*WHAT YOU NEED TO DO*
What follows is a set of entries. Repeat them exactly, but not their pictures.

── MATERIAL FOR THE TASK

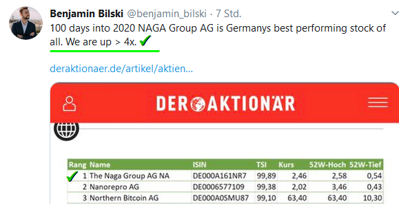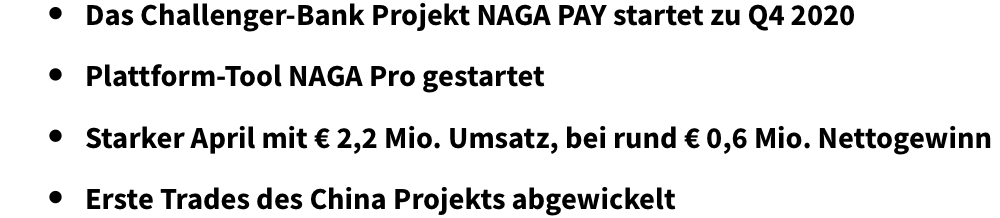 langsam eine Entwicklung statt. Naga Pay und das China Geschäft mit dem Aktienhandel klingt vielversprechend. Durch Corona und im Herbst noch die Trump Wahl bleiben die Handelsaktivitäten sicherlich noch hoch.
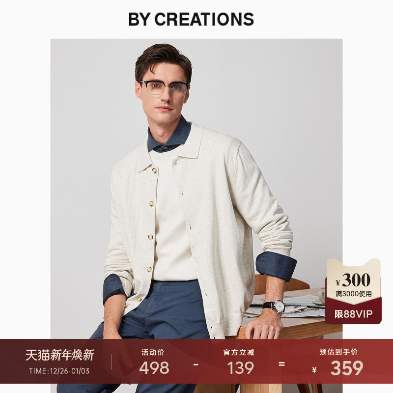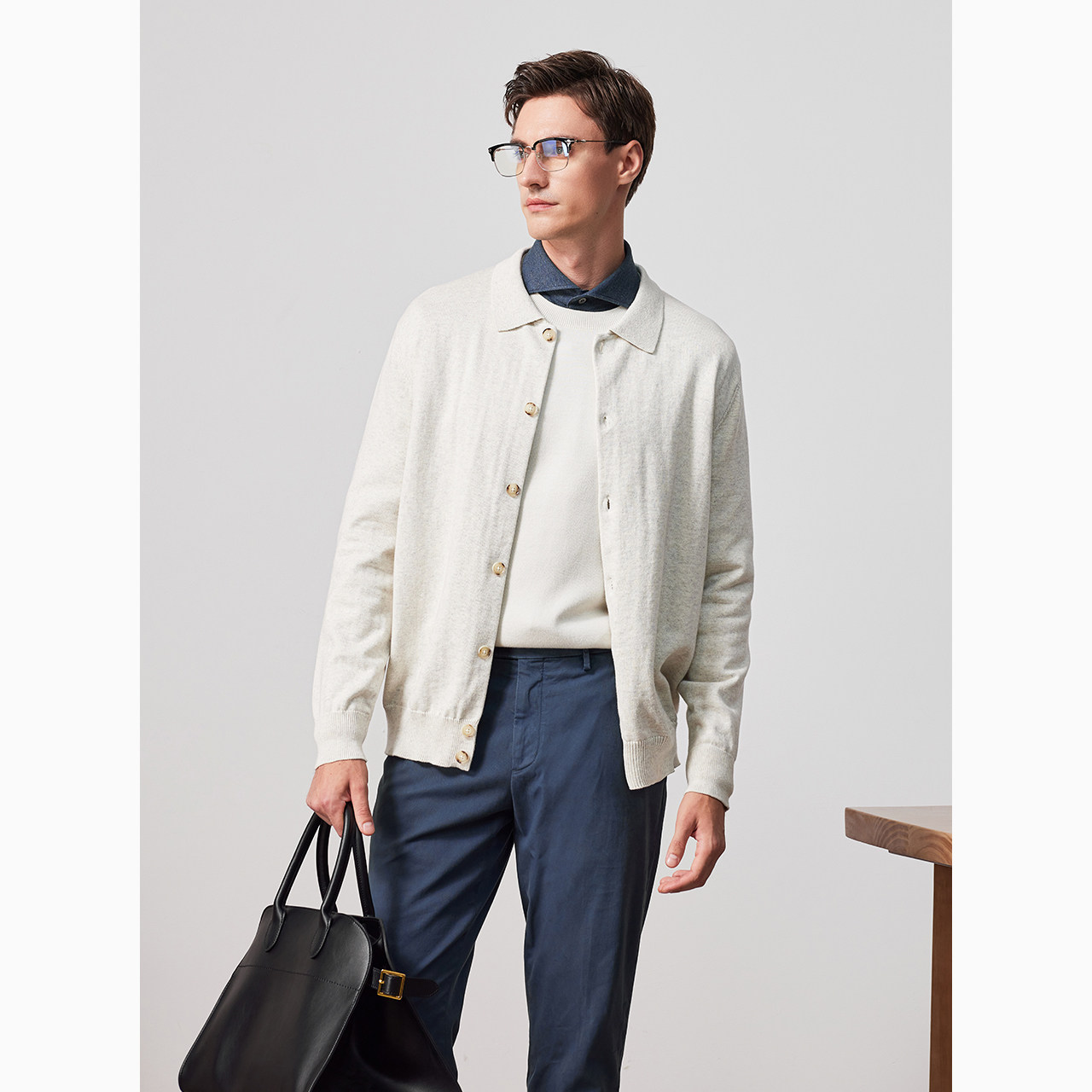 【可机洗】柏品羊绒棉针织开衫男秋新宽松休闲翻领易打理毛衣外套
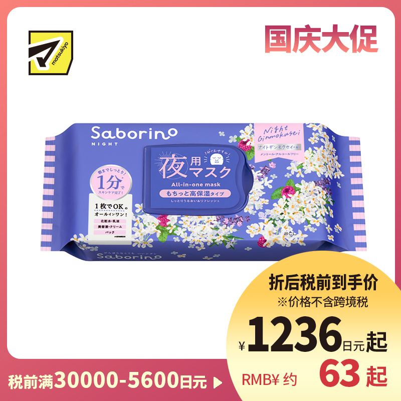 [商品名称]BCL Saborino 银木犀桂花维C晚安面膜 30片 化妆水乳液精华面霜面膜 高保湿 舒缓换季肌肤不稳 苹果酸 五合一 懒人免洗面膜
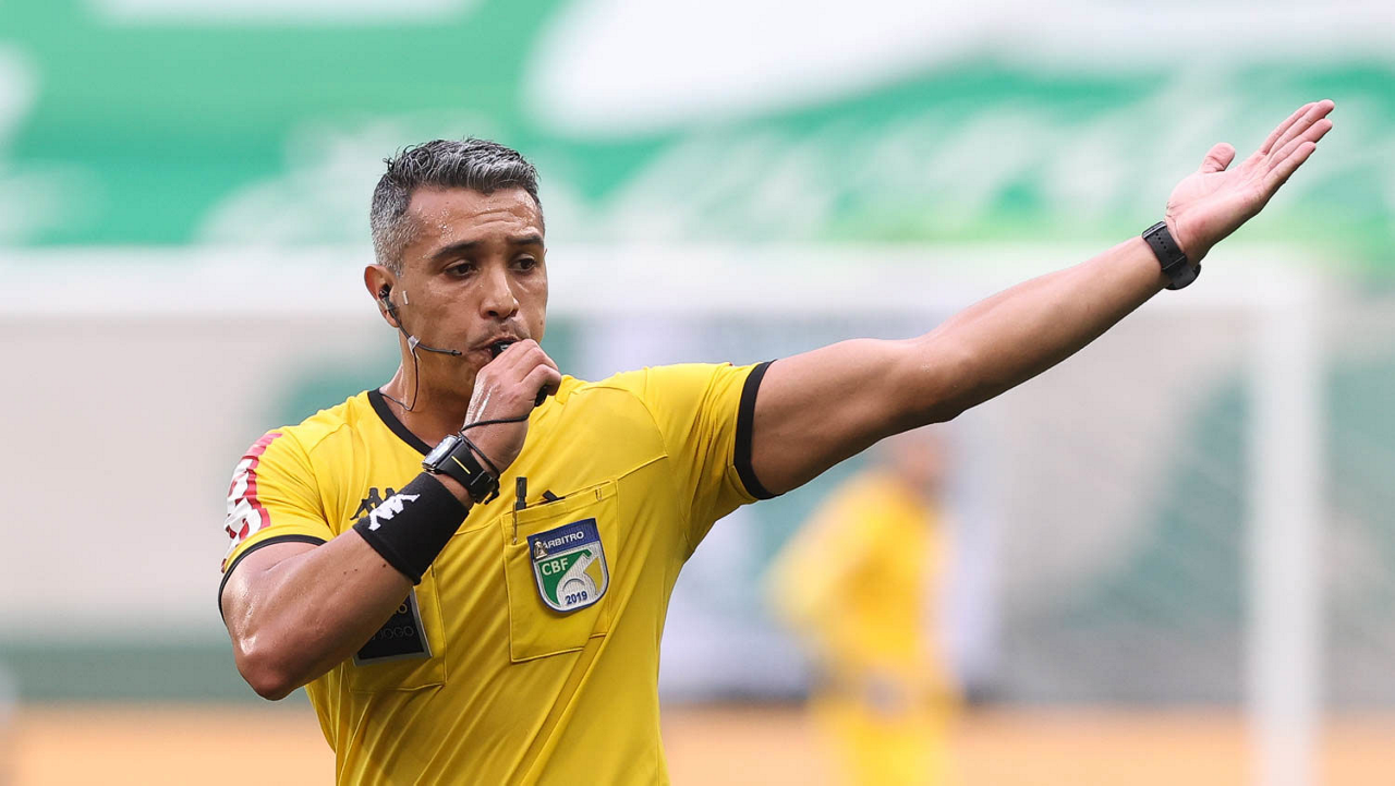 O árbitro Felipe Fernandes de Lima, do jogo entre as equipes da SE Palmeiras e Botafogo FR, durante partida válida pela trigésima quarta rodada, do Campeonato Brasileiro, Série A, na arena Allianz Parque. (Foto: Cesar Greco)
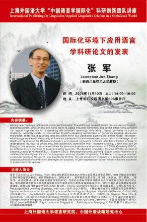 主讲人:Lawrence Jun Zhang张军(新西兰奥克兰大学教授) 时间:2015年11月10日(周二)14:00-16:00 地点:上外虹口校区图书馆606报告厅 主办单位:上海外国语大学语言研究院、中国外语战略研究中心 内容摘要: Writing is a challenge facing many emergent scholars. The challenge is exacerbated for non-native English-speaking writers, who, on the one hand, have to juggle linguistic demands, and on the other hand, consider the logical organisation for expressing the intended meanings coherently. Issues germane to such a challenge probably relate to non-native English-speaking writers’ lack of genre awareness, discourse knowledge, rhetorical disparities, and any other minor but significant aspects that affect reader-reviewer-editor judgement about the quality of the work presented in a submitted manuscript. Such a challenge, in all likelihood, is greater for Chinese linguistics and applied linguistics scholars who have limited access to international journals to which they can potentially contribute their research articles. Come and join Dr Zhang in this seminar, where he will share his personal experience as co-editor of TESOL Quarterly (SSCI), an editorial board member of several leading journals, The Applied Linguistics Review (SSCI), Journal of Second Language Writing (SSCI), System (SSCI), Metacognition and Learning (SSCI), and a reviewer for a number of eminent journals such as Language Learning, Applied Linguistics, The Modern Language Journal, Language Teaching Research, and Assessing Writing.He will present an overview of a range of journals for possible publications and share strategies for success. A Q&A segment will follow, which will allow audience to interact with the speaker. 主讲人简介: 张军(Lawrence Jun Zhang, PhD)博士现任新西兰奥克兰大学博士生导师及博士后导师、教育学院课程与教学论系应用语言学正教授、教育学院副院长(国际关系)。张军教授主要从事二语习得、元认知、学习策略、二语写作、阅读教学设计和外语师范教育方面的研究。在国内及国际性学术刊物及会议文集发表论文及述评100余篇。张军教授现为新西兰应用语言学学会执行委员会执行委员/常务理事/秘书长。现任中国外语写作教学与研究会理事、新西兰应用语言学学会(ALANZ) 秘书长、TESOL Quarterly学刊(SSCI-源刊) 副主编、《元认知与学习》Metacognition & Learning (Springer, New York, USA) (SSCI-源刊)、《系统:教育技术与应用语言学国际期刊》System: An International Journal of Educational Technology and Applied Linguistics (Elsevier, Oxford, UK) (SSCI-源刊)、The Applied Linguistics Review《应用语言学评论》 (SSCI, de Gryuter, New York & Germany)、 Journal of Second Language Writing《第二语言写作研究学刊》(SSCI)、《中国应用语言学》Chinese Journal of Applied Linguistics 国际编委 (de Gryuter, USA and Germany)、《区域英语教学期刊》RELC Journal国际编委 (Sage, London & Singapore) ,及Writing and Pedagogy《写作及教学》(Equinox, UK)等国际期刊编委。

────

*TASK OUTPUT*
 langsam eine Entwicklung statt. Naga Pay und das China Geschäft mit dem Aktienhandel klingt vielversprechend. Durch Corona und im Herbst noch die Trump Wahl bleiben die Handelsaktivitäten sicherlich noch hoch.
 【可机洗】柏品羊绒棉针织开衫男秋新宽松休闲翻领易打理毛衣外套
 [商品名称]BCL Saborino 银木犀桂花维C晚安面膜 30片 化妆水乳液精华面霜面膜 高保湿 舒缓换季肌肤不稳 苹果酸 五合一 懒人免洗面膜
 O árbitro Felipe Fernandes de Lima, do jogo entre as equipes da SE Palmeiras e Botafogo FR, durante partida válida pela trigésima quarta rodada, do Campeonato Brasileiro, Série A, na arena Allianz Parque. (Foto: Cesar Greco)
 主讲人:Lawrence Jun Zhang张军(新西兰奥克兰大学教授) 时间:2015年11月10日(周二)14:00-16:00 地点:上外虹口校区图书馆606报告厅 主办单位:上海外国语大学语言研究院、中国外语战略研究中心 内容摘要: Writing is a challenge facing many emergent scholars. The challenge is exacerbated for non-native English-speaking writers, who, on the one hand, have to juggle linguistic demands, and on the other hand, consider the logical organisation for expressing the intended meanings coherently. Issues germane to such a challenge probably relate to non-native English-speaking writers’ lack of genre awareness, discourse knowledge, rhetorical disparities, and any other minor but significant aspects that affect reader-reviewer-editor judgement about the quality of the work presented in a submitted manuscript. Such a challenge, in all likelihood, is greater for Chinese linguistics and applied linguistics scholars who have limited access to international journals to which they can potentially contribute their research articles. Come and join Dr Zhang in this seminar, where he will share his personal experience as co-editor of TESOL Quarterly (SSCI), an editorial board member of several leading journals, The Applied Linguistics Review (SSCI), Journal of Second Language Writing (SSCI), System (SSCI), Metacognition and Learning (SSCI), and a reviewer for a number of eminent journals such as Language Learning, Applied Linguistics, The Modern Language Journal, Language Teaching Research, and Assessing Writing.He will present an overview of a range of journals for possible publications and share strategies for success. A Q&A segment will follow, which will allow audience to interact with the speaker. 主讲人简介: 张军(Lawrence Jun Zhang, PhD)博士现任新西兰奥克兰大学博士生导师及博士后导师、教育学院课程与教学论系应用语言学正教授、教育学院副院长(国际关系)。张军教授主要从事二语习得、元认知、学习策略、二语写作、阅读教学设计和外语师范教育方面的研究。在国内及国际性学术刊物及会议文集发表论文及述评100余篇。张军教授现为新西兰应用语言学学会执行委员会执行委员/常务理事/秘书长。现任中国外语写作教学与研究会理事、新西兰应用语言学学会(ALANZ) 秘书长、TESOL Quarterly学刊(SSCI-源刊) 副主编、《元认知与学习》Metacognition & Learning (Springer, New York, USA) (SSCI-源刊)、《系统:教育技术与应用语言学国际期刊》System: An International Journal of Educational Technology and Applied Linguistics (Elsevier, Oxford, UK) (SSCI-源刊)、The Applied Linguistics Review《应用语言学评论》 (SSCI, de Gryuter, New York & Germany)、 Journal of Second Language Writing《第二语言写作研究学刊》(SSCI)、《中国应用语言学》Chinese Journal of Applied Linguistics 国际编委 (de Gryuter, USA and Germany)、《区域英语教学期刊》RELC Journal国际编委 (Sage, London & Singapore) ,及Writing and Pedagogy《写作及教学》(Equinox, UK)等国际期刊编委。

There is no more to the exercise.